No milestone ever fully marks the completion of a journey, and development doesn’t stall out when a child reaches her adulthood. I had begun mothering and pastoring at the same time, both ministries of ephemeral moments that are over in a flash, fist steps and first sermons. The work of parish ministry—worship, discipleship, and pastoral care—all disappear in a weekly cycle, along with the hours spent in preparation. At times, the densely packed milestones of child development felt so close at hand, while my own development sometimes seemed like a distant memory. I knew I needed to grow. In the middle of my career, and the middle of my parental journey, it was time to prepare for the next stages. HDS has been a place of tremendous growth of the intellectual framework of my ministry.
Going back to school midcareer has not proven to be a mistake in the timing of life. The study of religion is not static or lifeless, we have each walked with these subjects our whole lives, and will continue to, long after we leave HDS. I’m glad that I came to HDS at a time when I can value the opportunity more now than I might have at an earlier time in my life.

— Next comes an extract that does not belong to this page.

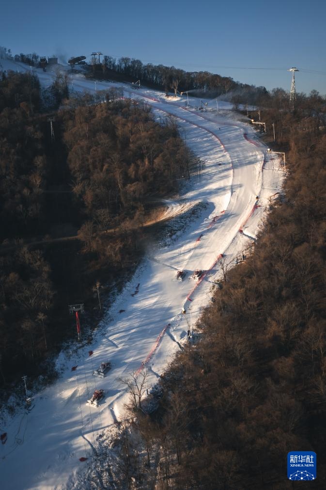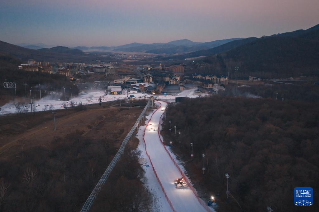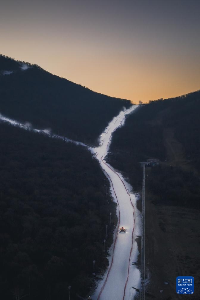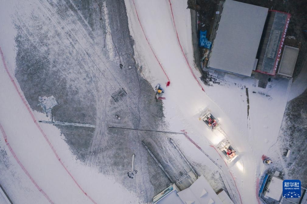 11月14日,在位于吉林市冰雪經濟高質量發展試驗區的北大湖滑雪度假區,壓雪機在雪道上作業(無人機照片)。

My classmates have been a special gift of grace at a time when the confines of my denominational identity have often served to homogenize my context. At HDS, relationships develop across every difference which once seemed like a barrier. Our time together allows us to share our stories in ways that remind us of the wide range of human experiences and the importance of our shared humanity.
While the coursework is unflinchingly demanding, the atmosphere is invariably one of mutual respect. The remarkably gracious faculty at HDS have helped me to appreciate the value of the years in the middle of my educational journey, affirming that life experience is a valuable companion to the academic study of religion. At HDS you discover that even legends are profoundly human, encountering disarming humor and candor in the most surprising places. This environment has taught me to cultivate compassion. From time to time, I have been required to practice that compassion in myself when overwhelmed by the demands of school, work, and family. Returning to school has not been easy, but nothing worth doing really is.